Стираное белье тем не менее, как и в люмпен-времена, полощется между окнами. Развешано оно и на ярусах, на никелированных раскоряках. Белье, конечно, страдает от футбола. Видавшие виды первоэтажные жильцы баррикадируются пузатыми прутьевыми частоколами. В выпученные с завитушками пазухи ограждений вставлены горшки гераней. Герани дрожат и опадают даже не от стуканья мяча, а уж и от одних его бурных перелетов.
Да, это спелая серединно-октябрьская суббота. Солнечно, ветра нет, есть только выникание ароматов из черного хода пекарни — прогретого розмарина, олея. С набережной долетает цоканье каблуков, и шваркают по булыжникам металлические стулья, запинаясь о ножки столиков. Ножки, ножки. Стульев и дам. Сколько чудесных дамских но… номеров скоплено в сотовом телефоне, нажать бы кнопочку. Так нет. Вике Зиману по службе положено сидеть тут и скучать, как в самый гнусный понедельник, по выражению одного неизвестного на европейских широтах песенника, насмерть надорвавшего в Москве в горячке олимпийского лета, ровно двадцать пять лет назад, хрипучую глотку. Ни в бесчувственной к горлопану-поэту Франции, ни в сердечной Италии, которую тот понапрасну очаровывал, никому ничего не говорит его гремевшее в СССР имя. Никому, кроме Виктора. А ведь когда с крыши киоска Вика фотографировал Таганскую площадь, в июле восьмидесятого, вспученные от пота рубахи милиционеров, гирлянды голов, свесившихся с карнизов и с крыш над колоннами тех, кто плакал и слушал разнобойные, разбойничьего хрипа, магнитофоны — песни неслись из раскрытых окон, с подоконников, — казалось, что это самые многолюдные похороны на Земле.
Никто не самоубился с балкона о гроб, как студентик на похоронах Сартра, но градус истерики был столь высок, что только чудом этого не случилось…

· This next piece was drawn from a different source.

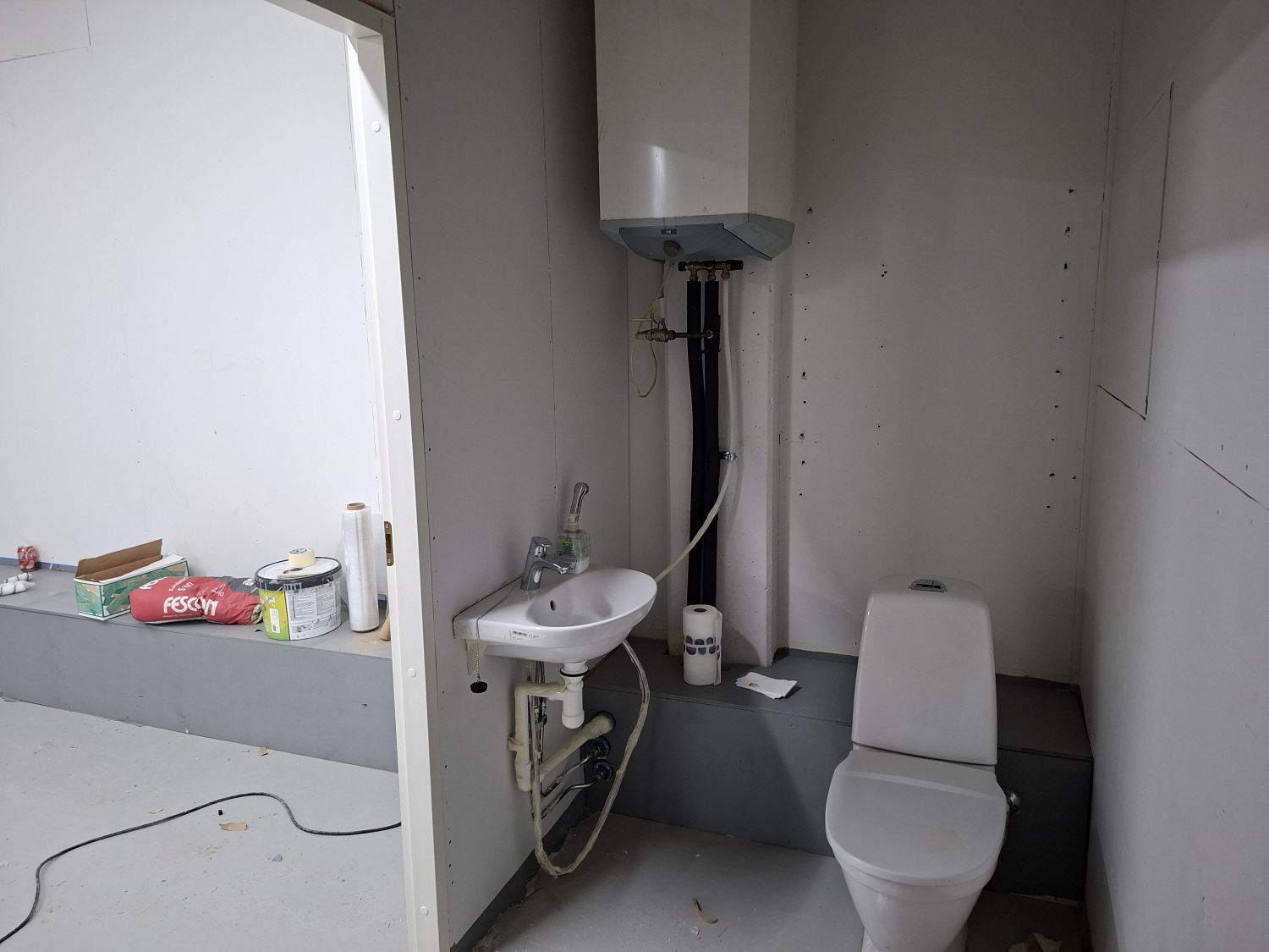Tilassa uusi pariovi, uusi wc, ilmalämpöpumppu, voimavirta.

Типично русское преувеличение. Конечно, Ленноновы похороны в Нью-Йорке спустя пять месяцев в том же году были, надо полагать, люднее. Но на Ленноновых Вика, хотя скорбел, все же не побывал. А хоронить Высоцкого, поскольку в это время торчал в Москве, естественно, бросился. К тому же Антония всю ночь держала ему место в очереди на Радищевской улице. Сидела, сжавшись, на испачканном пометом голубей бордюре тротуара и тужила. Это и естественно, учитывая роль Антонии в этой истории и даже в гибели буйного гения.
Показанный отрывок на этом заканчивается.